Went around 4:00 pm left at 9:00 met a guy leaving that had a cooler of white trout, when he left so did the fish. Once the sun went down the reds came out to play had a couple of good runs but know hook up, the guy next to me got two they were still hitting pretty good when I left did manage one trout and a small drum and a 24" sale cat that came home for dinner.


----------



## kilroy1117 (Mar 11, 2013)

Was thinking about going tonight. Last weekend went out from about 9 pm to 2 am and the baby black tips were out and about. Other than that, a monster sailcat and a couple smaller catfish. I still haven't been able to hook into one of those monster reds yet. Maybe I'm not holding my tongue right??


----------



## yukondog (Feb 12, 2013)

I haven't caught a bull yet myself, I was happy to just bring something home from Sykes wen .night, caught my largest sail cat so far 24" to the fork.
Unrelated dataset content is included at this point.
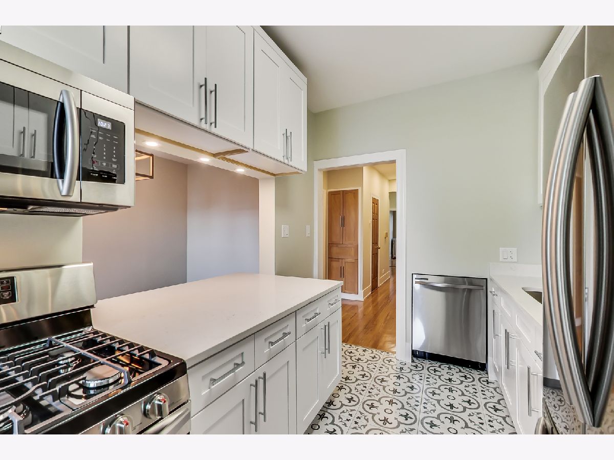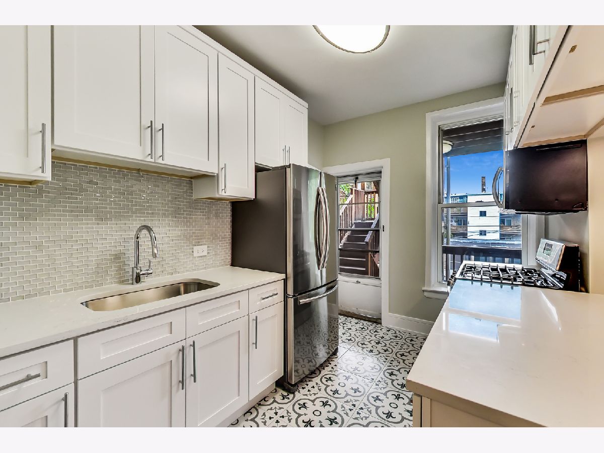 Beautifully updated 2 bed, 1 bath second floor condo in Edgewater! Renovations just completed as of August 3, 2020. Upon entering, you'll find a beautifully refinished gas fireplace in the living room, newly installed recessed lighting as well as refinished hardwood floors. All bedrooms have been freshly painted and have all new light fixtures/switches. The kitchen features all new stainless steel appliances, encaustic style floor tiles, shaker style cabinets and quartz countertops that gives stylish updates to compliment this vintage home. A large pantry, rare at this price point, sits just off of the kitchen. The breakfast bar layout provides a very open/airy feeling and connects the kitchen to the large dining room. Bathroom updates include all new hex tile flooring, walk in shower, toilet and vanity mirror with LED lighting and anti-fog technology. A large deck sits off of the kitchen and has plenty of space for an outdoor dining table/lounge seating plus a grill. Very healthy association/building with $98k in reserves. Shared laundry in basement and storage locker included with unit. On-site rental parking available for $100/month. Welcome home!

I'll have to give the octagon a try next time.


----------



## Jason (Oct 2, 2007)

Get out and get em.....after these storms blow through---might be some good fishing!


----------



## kilroy1117 (Mar 11, 2013)

I hit up Sykes Friday night....9 pm until about 2 am. Had a small catfish right off the bat, couple more hits here and there, but nothing doing. rain hit hard for about 3-4 minutes (was all the way at the end so you're basically just stuck riding it out) maybe around 10 pm-ish? So I spent a good portion of the evening drying off. Luckily the wind was whipping around so that aided in the drying off of the clothing lol. Was thinking maybe I'd try Friday morning early. I actually only go at night. Any good stuff in the morning/afternoon?


----------



## kilroy1117 (Mar 11, 2013)

Ah, also....was using frozen finger mullet from GB B&T, just as an FYI.


----------